THE PROBLEM —
In the records below, find the line that contains "Pauta da reunião" and the line that contains "Side/Back Side: Specifies", then retype exactly those two lines and every line between them.

GIVEN RECORDS —
= = = =
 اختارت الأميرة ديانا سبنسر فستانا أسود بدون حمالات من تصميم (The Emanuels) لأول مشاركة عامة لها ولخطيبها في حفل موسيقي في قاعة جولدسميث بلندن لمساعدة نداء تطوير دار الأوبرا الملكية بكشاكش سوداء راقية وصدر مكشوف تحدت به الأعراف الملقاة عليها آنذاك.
= = = =
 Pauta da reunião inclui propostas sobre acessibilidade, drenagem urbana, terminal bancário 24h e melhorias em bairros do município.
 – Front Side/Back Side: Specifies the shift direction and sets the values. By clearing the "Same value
= = = =
WRITTEN REPLY —
 Pauta da reunião inclui propostas sobre acessibilidade, drenagem urbana, terminal bancário 24h e melhorias em bairros do município.
 – Front Side/Back Side: Specifies the shift direction and sets the values. By clearing the "Same value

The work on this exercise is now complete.